OPINION | Student government gets it right with new shuttle tracking system

Photo by Maria Porter

I know just enough about buses to know that they do not operate on a schedule but by Murphy’s Law: If something can go wrong, it will.

In the dark days of early high school, my bus driver showed up 20 minutes late every single day except for the one time I wasn’t outside waiting in the frigid wind.

Recently,  Student Government Association demonstrated that not only do they understand that frustration,
but they’re willing to do something about it.

Students can now track the SGA shuttles.

The shuttles are tagged with GPS devices so students can check on their location.

That hopefully means no more teary-eyed drunken sprints down Broad Ripple Avenue.

With a smartphone, the link, and enough presence of mind, any student can track the shuttle’s progress.

The Collegian this week reported on a smartphone application in development, according to SGA Vice President of Operations Kelsa Reynolds.

The most important part of this, though, is not that SGA rigged this up, or that students won’t be stranded off campus.

Instead, it’s a victory for student government.

The Collegian ran a story on Sept. 20, “Shuttle service leaves AV residents feeling left behind,” detailing one such episode. Students living in the Apartment Village expressed concerns about whether the bus made all of its stops.

Honestly, though, it may be a bit bold to hold SGA accountable for that.

In fact, it’s pretty arrogant to accuse even the driver of anything.

Buses are going to run a bit late, a bit early, a bit slow, a bit fast.

The driver is going to wait for someone at the previous stop or cut the next one short by 30 seconds to make it home in time.

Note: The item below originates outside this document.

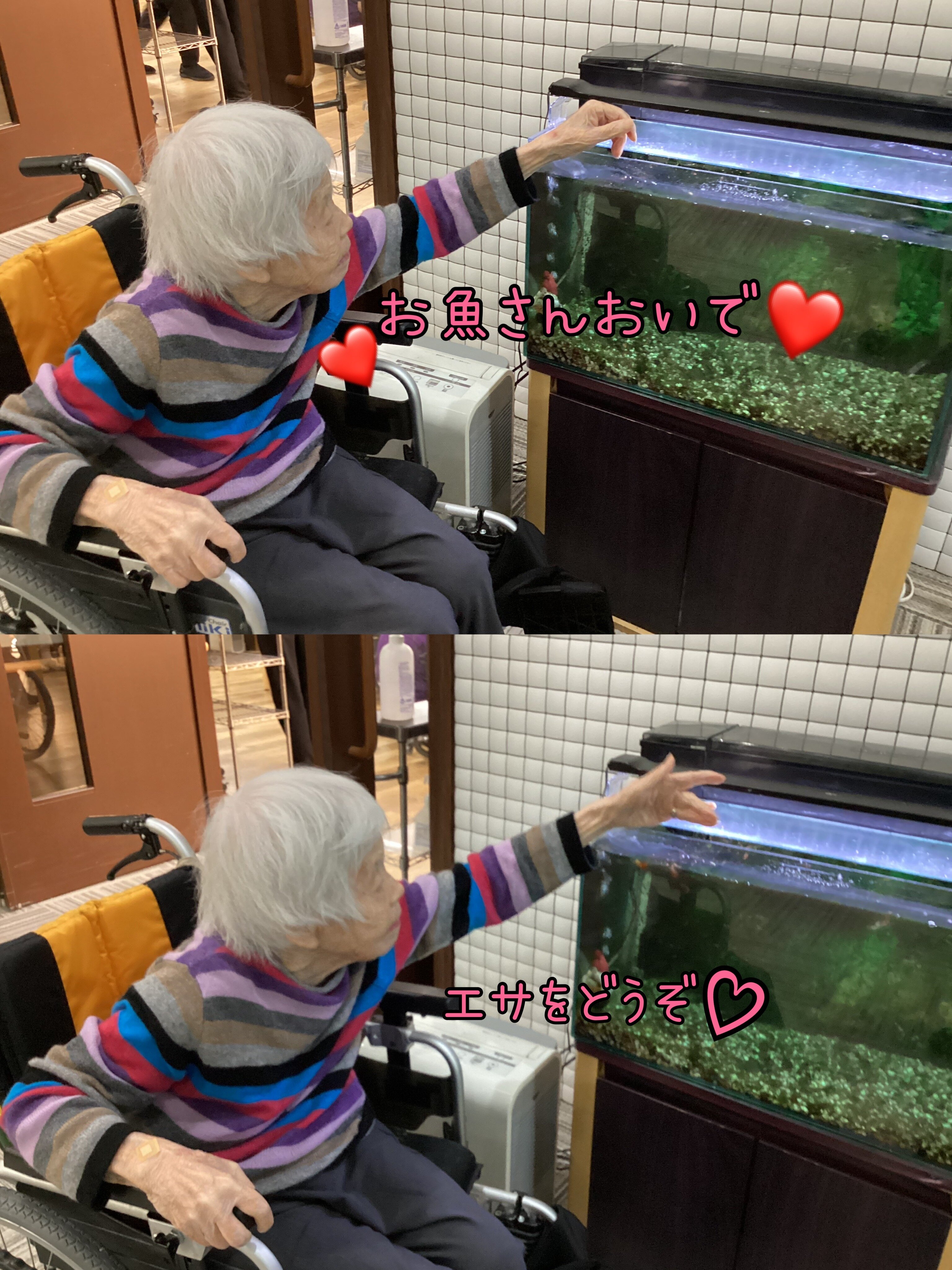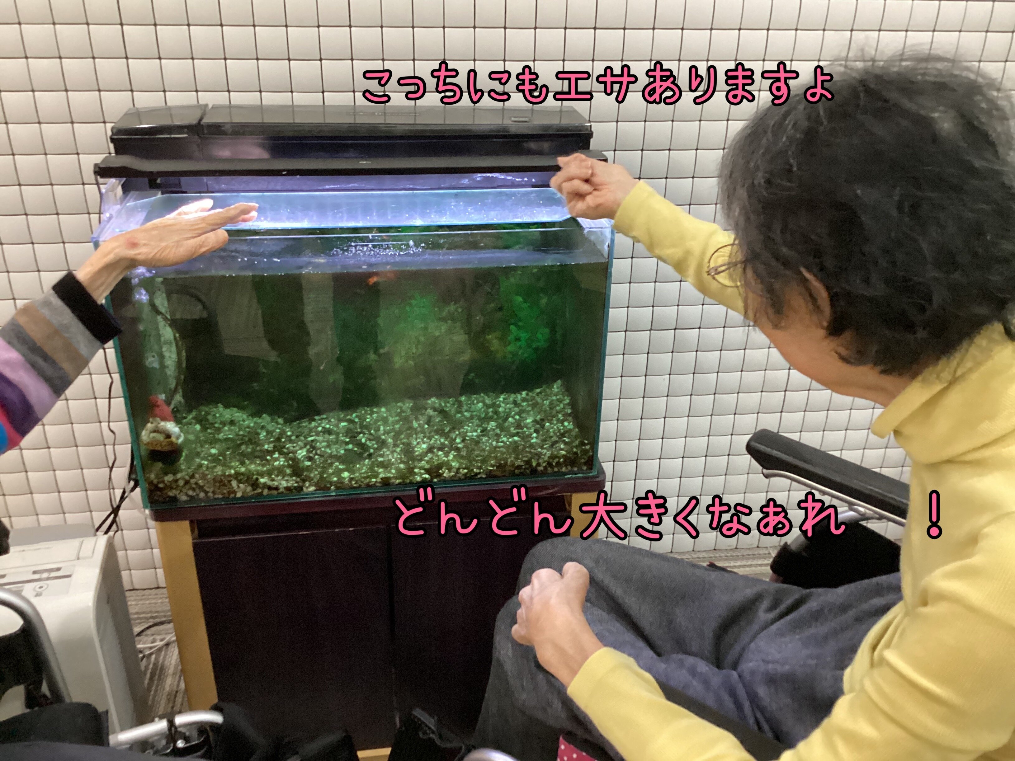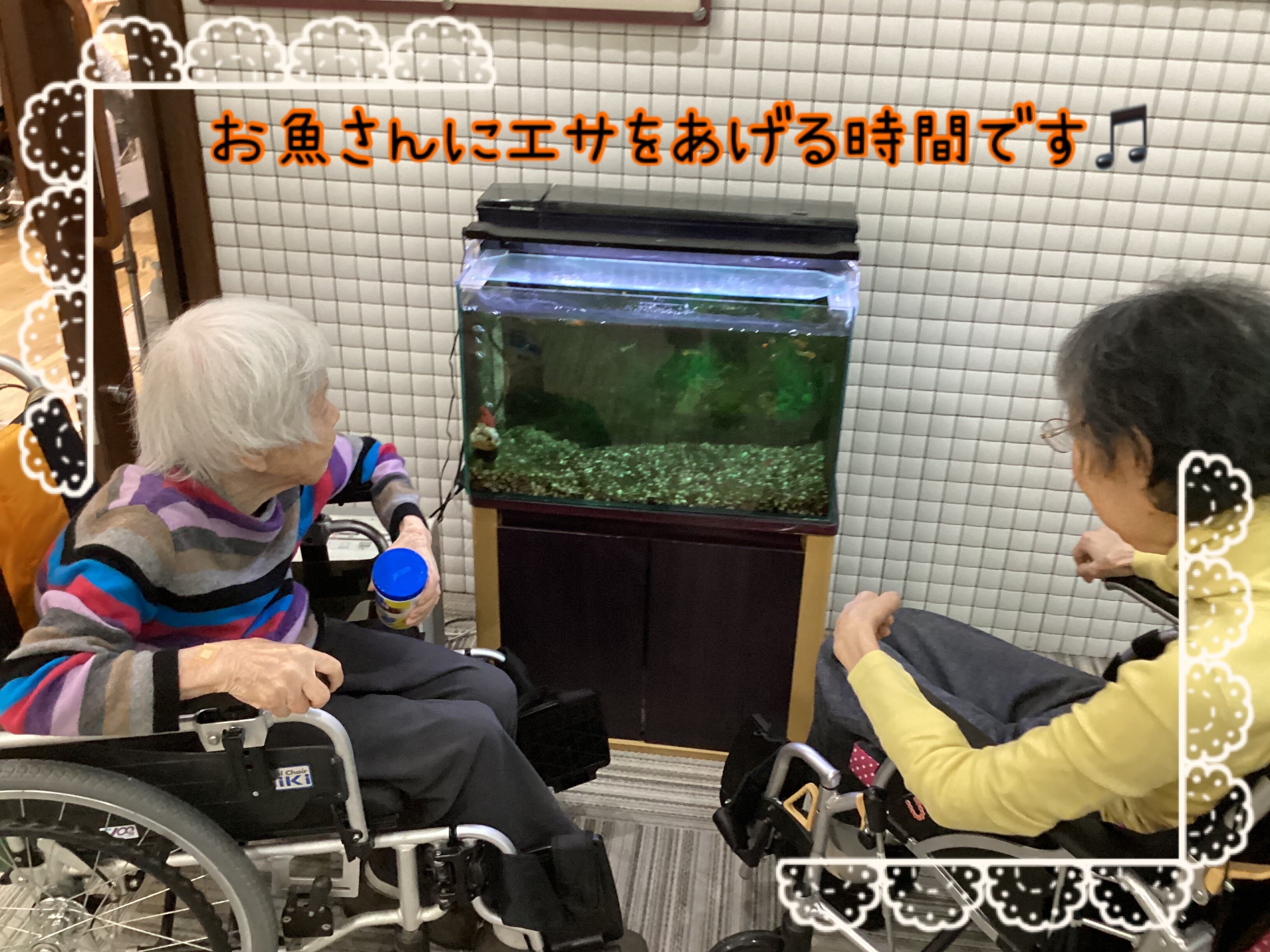 今日はご入居者様がお魚にエサをあげたい!との事で、

In other words, no matter what the drivers, students or SGA do, the buses will not run perfectly.

And in all honesty, a missed stop here or there probably won’t kill anyone.

On the other hand, when everything runs smoothly, no one notices.

Frustrated students brought their concerns to the attention of the right people, and SGA is offering a solution.

The system works, or at least it can—if you direct your complaints at the right people.

The GPS system is on a free trial period that’s probably going to involve student feedback which Bulldogs should take them up on.

Be an advocate for your causes, political or personal.

Be critical of the system, absolutely.

But at least try to lean on it first.

You can’t complain about ineffective government if you don’t try to work it first.